请注意，在准备数据时，在prefix和input_text之间插入一个": “ 。训练时会自动完成此操作，但需要手动进行预测。

If you’d like to read more about the decoding arguments (num_beams, do_sample, max_length, top_k, top_p), please refer to this article.

如果您想了解有关解码参数( num_beams ， do_sample ， max_length ， top_k ， top_p )的更多信息，请参考 本文。

Time to see how our model did!

是时候看看我们的模型如何了！

 -----------------------------------
Results: 
Scores for binary classification:
F1 score: 0.96044512420231
Accuracy Score: 0.9605263157894737 Scores for multilabel classification:
F1 score: 0.923048001002632
Exact matches: 0.923048001002632 Scores for similarity:
Pearson Correlation: 0.8673017763553101
Spearman Correlation: 0.8644328787107548

The model performs quite well on each task, despite being trained on 3 separate tasks! We’ll take a quick look at how we can try to improve the performance of the model even more in the next section.
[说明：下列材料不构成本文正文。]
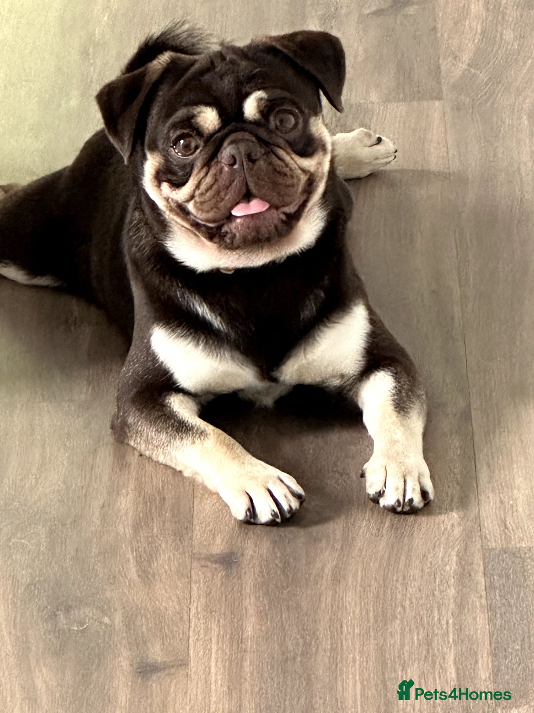 Having to part with our pug due to a change in Family circumstances….Not Neutered, Brilliant with children, Raised in our family home, Loves a walk and just craves love and attention… 1st to see her w

尽管接受了3个单独的任务训练，该模型在每个任务上的表现都非常好！在下一节中，我们将快速介绍如何尝试改善模型的性能。

总结思想 (Closing Thoughts)

可能的改进 (Possible improvements)

A potential issue that arises when mixing tasks is the discrepancy between the sizes of the datasets used for each task. We can see this issue in our dataset by taking a look at the training sample counts.

混合任务时出现的潜在问题是用于每个任务的数据集的大小之间的差异。通过查看训练样本数，我们可以在数据集中看到此问题。

 binary classification        560000
multilabel classification    143613
similarity                     5702

The dataset is substantially unbalanced with the plight of the similarity task seeming particularly dire! This can be clearly seen in the evaluation scores where the similarity task lags behind the others (although it’s important to note that we are not looking at the same metrics between the tasks).

由于similarity任务的困境看起来特别可怕，因此数据集基本上是不平衡的！从similarity任务落后于其他任务的评估分数中可以清楚地看出这一点(尽管必须注意，我们没有在任务之间寻找相同的指标)。

A possible remedy to this problem would be to oversample the similarity tasks so that the model.

解决此问题的一种可能的方法是对similarity任务进行过度采样 ，以便对模型进行建模。

In addition to this, increasing the number of training epochs (and tuning other hyperparameters) is also likely to improve the model.

除此之外，增加训练时期(以及调整其他超参数)的数量也可能会改善模型。

Finally, tuning the decoding parameters could also lead to better results.

最后，调整解码参数也可以带来更好的结果。

结语 (Wrapping up)

The text-to-text format of the T5 model paves the way to apply Transformers and NLP to a wide variety of tasks with next to no customization necessary. The T5 model performs strongly even when the same model is used to perform multiple tasks!

T5模型的文本到文本格式为将Transformers和NLP应用到各种各样的任务铺平了道路，而无需定制。即使使用同一模型来执行多个任务，T5模型也能发挥出色的性能！

Hopefully, this will lead to many innovative applications in the near future.

希望这将在不久的将来带来许多创新的应用。